Défi à suivre sur le Journal
Oui, je suis heureuse, car on a besoin de moi. Peut-être chaque être humain n’a-t-il besoin pour être heureux que d’une seule personne qui ait besoin de lui. (p.177)
Madame le professeur a disparu de son petit appartement de la maison de retraite où elle a accepté de s’installer une fois « jetée à la porte » de chez elle, après le décès de mon mari, par une belle-fille manipulatrice, le monstre, comme elle la surnomme. Âgée de 80 ans, madame le professeur est une femme qui prend encore soin d’elle, qui observe ce petit monde de la maison de retraite avec un regard ironique et lucide. Avant de quitter sa maison, elle a embarqué le tout nouvel ordinateur portable de l’ami du monstre, elle a pris quelques leçons d’informatique à la maison de retraite, et depuis elle y consigne son journal…
Outre le premier et le dernier chapitres, tout le roman est écrit à la première personne, nous lisons le journal en train de s’écrire, sans date pourtant, juste un récit au jour le jour sur les évènements qui entourent la vie de la narratrice. Celle-ci fait un jour la connaissance de Vova, un jeune adolescent de 16 ans, d’origine russe, à la réputation déjà entamée. Mais avec la vieille femme, Vova se montre attentionné, s’occupe de sortir Cora, la petite chienne de Mme de la professeur. Assez secret sur lui et ses activités, Vova confie cependant, que dans son pays, vivent de belles vaches rouges que l’on trait 3 fois par jour. Il évoque alors de beaux paysages, et une certaine nostalgie pour ce pays lointain qui prend des allures de rêve. Entre la vieille femme et le jeune homme, une amitié se crée, une entre-aide, mais rien de si explicite, rien de certain, car Vova parle peu.

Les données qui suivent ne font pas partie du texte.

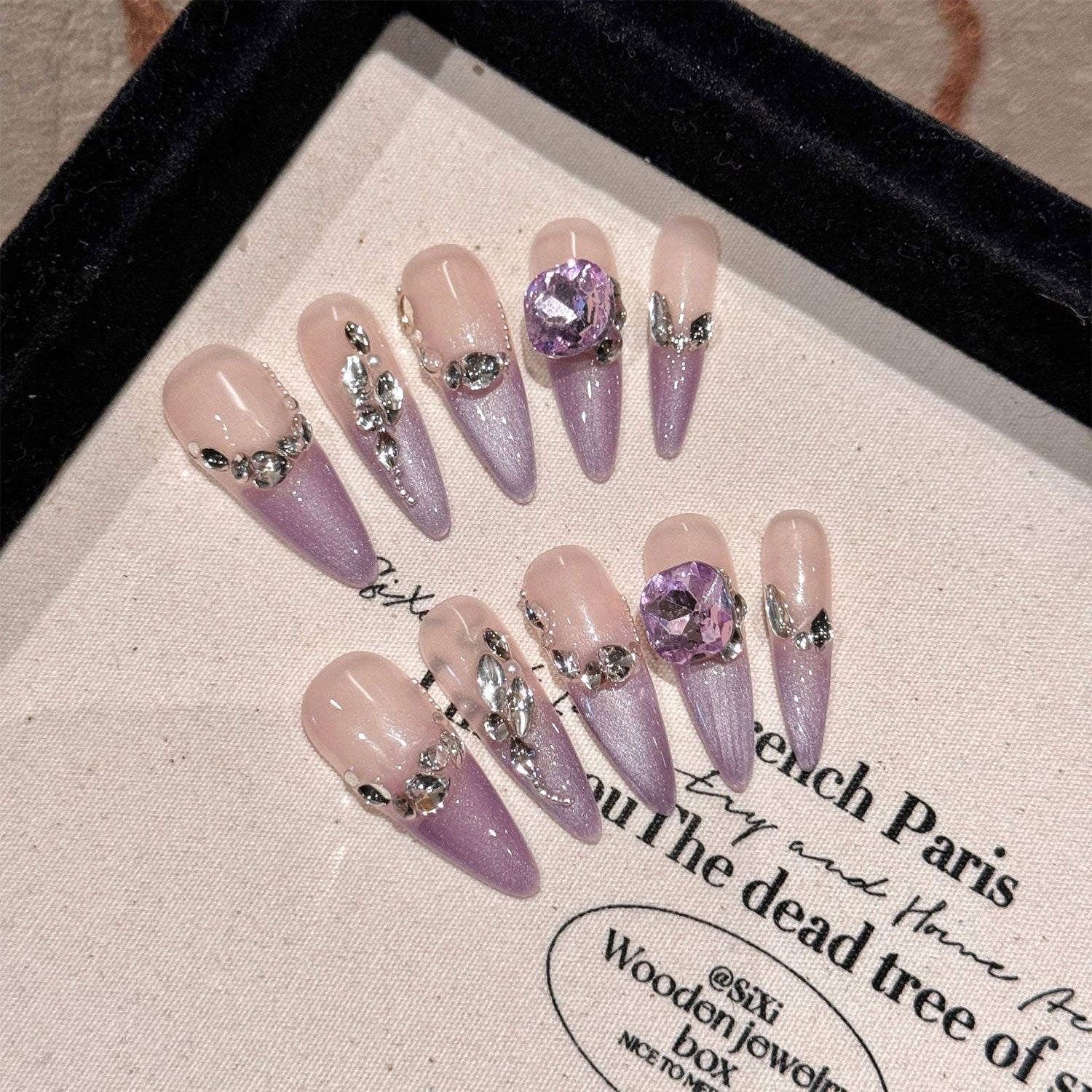 This set features a soft, dreamy lavender ombré that fades into a sheer base. The nails are adorned with a cascade of sparkling crystals, including a stunning large lilac gem on the thumb.

En dehors de ce lien, madame le professeur raconte les visites de la doctoresse, de la coiffeuse, du jardinier colérique, réfléchit sur son éventuel Alzheimer, sur la peur de paraître sénile et d’être dépossédée de ses biens par le monstre, sur le charme du vieux monsieur élégant, sur sa voisine qui s’endort devant la télé hurlante… On partage avec elle l’ennui des après-midi chantant, des plateaux repas qui refroidissent dans le polystyrène … Livre sur la vieillesse, non ! comme le dit si bien la phrase d’Oscar Wilde mise en exergue : La tragédie de la vieillesse, ce n’est pas d’être vieux, mais d’être jeune. Si le corps est défaillant, on sent l’esprit encore alerte de la dame, sa détermination, son humour.

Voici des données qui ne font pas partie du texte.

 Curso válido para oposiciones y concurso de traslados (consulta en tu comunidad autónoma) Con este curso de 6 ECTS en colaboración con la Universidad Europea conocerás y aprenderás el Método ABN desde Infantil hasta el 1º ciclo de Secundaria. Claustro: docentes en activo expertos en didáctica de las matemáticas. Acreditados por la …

Le rôle de la veuve, de l’épouse du célèbre philosophe privée de son mari, ne me plaît pas du tout,mais il ne m’est sans doute pas permis d’en jouer d’autre. (p.65)

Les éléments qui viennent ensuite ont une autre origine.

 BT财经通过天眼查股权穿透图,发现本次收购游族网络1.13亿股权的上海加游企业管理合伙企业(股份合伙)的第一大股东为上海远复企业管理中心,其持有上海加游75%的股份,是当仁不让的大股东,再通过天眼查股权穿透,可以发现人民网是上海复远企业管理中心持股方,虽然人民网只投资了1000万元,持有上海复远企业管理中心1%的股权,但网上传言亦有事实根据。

Son cher mari décédé, Silène, en prend d’ailleurs régulièrement pour son grade dans les pages de ce journal.
C’est aussi sans doute, un roman social. Il y a comme une mise en parallèle entre deux catégories sociales et deux classes d’âge : d’un côté la suspicion contre la vieillesse et le spectre d’Alzheimer, de l’autre la suspicion sur ces jeunes émigrés russes en Allemagne. Vova et Mme la professeur, pourtant d’âge et de classe sociale différents, sont, tous les deux, en marge de cette société, rebelle à leur manière, et c’est très agréable !
Enfin, la découverte de l’informatique et d’Internet par une femme de 80 ans est jubilatoire :
J’ai pris mon nouveau livre,que j’étais enfin allé chercher, et me suis assise dans mon fauteuil.Vova a raison : j’aurais pu trouver toutes ces informations sur Internet, mais un livre reste un livre. On tient dans les mains quelque chose que l’on peut saisir par les sens, parfois même savourer. Me mettre au lit avec un ordaniteur ne me viendrait pas à l’esprit. (p.94)
Bref un beau roman à découvrir ! et une couverture qui colle parfaitement à l’esprit du roman !
Merci aux Editions Buchet-Chastel et à Denis L. pour sa confiance.